Need assistance with the following question (attached word file)
1. Alpha and Beta, two oligopoly rivals in a duopoly market, choose prices of their products on the first day of the month. The following payoff table shows their monthly payoffs resulting from the pricing decision they can make.
High $200,$300 $50, $350
Low $300,$150 $75, $200
a) Is the pricing decision facing Alpha and Beta a prisoners' dilemma? Why or why not?
b) What is the cooperative outcome? What is the non-cooperative outcome?
c) If Alpha and Beta make their pricing decision just one time, will they choose the cooperative outcome? Why or why not?
d) Can Alpha make a credible threat to punish Beta with a retaliatory price cut? Can Beta make a credible threat of a retaliatory price cut?
e) For each of the following events, explain whether Beta would be more or less likely to cooperate:
i. Beta expects to be able to cheat for more than two months before getting caught by Alpha.
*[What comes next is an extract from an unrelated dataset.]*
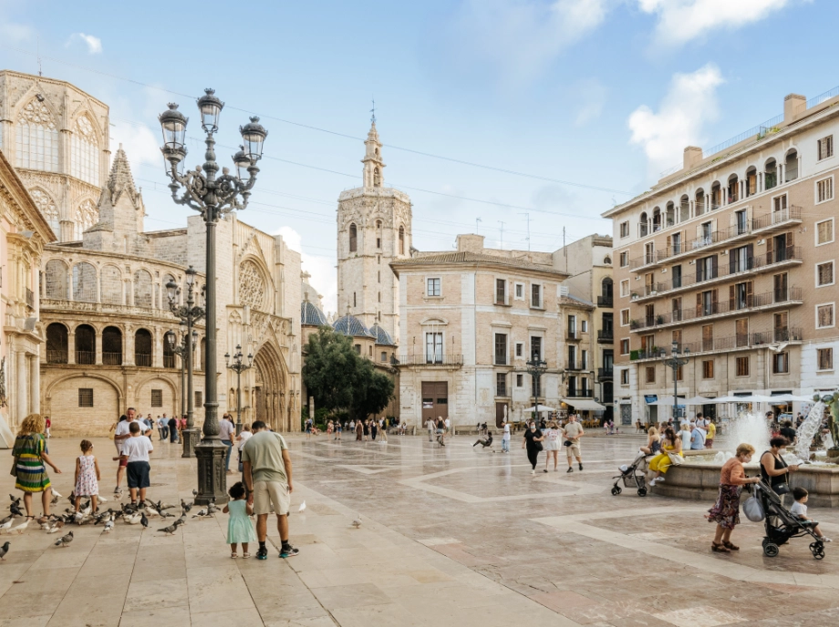 - Dirígete a la hermosa Plaza de la Virgen y sumérgete en su singularidad medieval. Descubre los contrastes del casco antiguo, desde la conquista por Jaime I en el siglo XIII hasta la icónica catedral de Valencia y el Miguelete.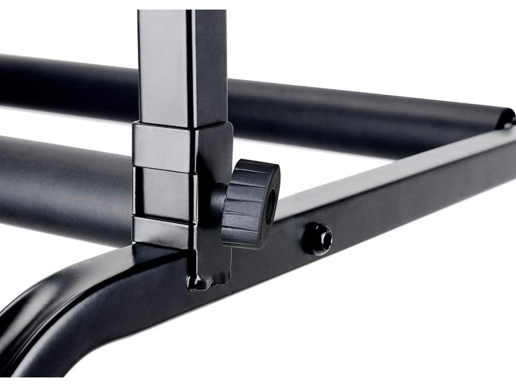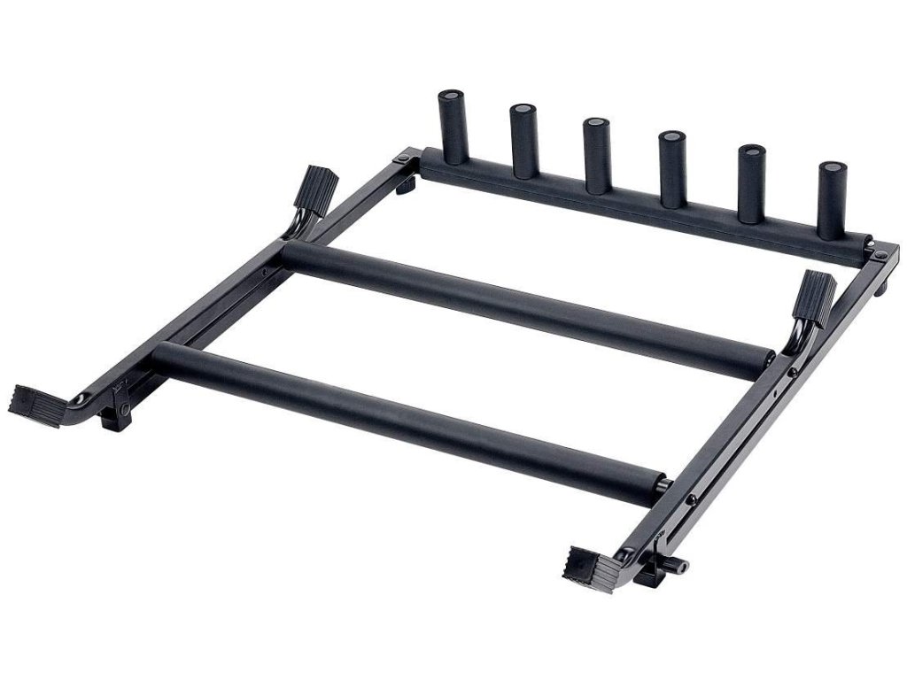 Stojak o solidnej metalowej konstrukcji na pięć gitar elektrycznych (czyli około trzech akustycznych)/basowych. Części stykające się z instrumentami są pokryte gumowaną warstwą, aby zapobiec uszkodzeniu lakieru gitar. Stabilność stojaka gwarantuje podstawa na czterech nogach. Po złożeniu zajmuje minimalną ilość miejsca, dzięki czemu jest idealnym wyborem do użytku domowego i występów na żywo związanych z podróżowaniem.

ii. Alpha announces that it will match any price cut by Beta, and it will do so immediately following any price cut by Beta.
iii. Alpha hires a new CEO who has a reputation for relentlessly matching price cuts by rivals, even after rivals are ready to resume cooperative pricing.
iv. Alpha alters the design of its product to make it more desirable to some consumers than Beta's product.
We can find the dominant strategy by indicating each player's best move, given the other's, with (d):
High $200,$300 $50, $350 (d)
Low $300(d), $150 $75 (d), $200 (d)
Both players have the dominant strategy of pricing low.
A prisoner's dilemma occurs when each player's attempts to maximize his payoff, given the other player's choice, does not result in the maximum total payoff for both players. In this case, Beta and Alpha's best choices regardless of the other's choice is to price low. But, they are both better off pricing high. This is therefore a prisoner's dilemma.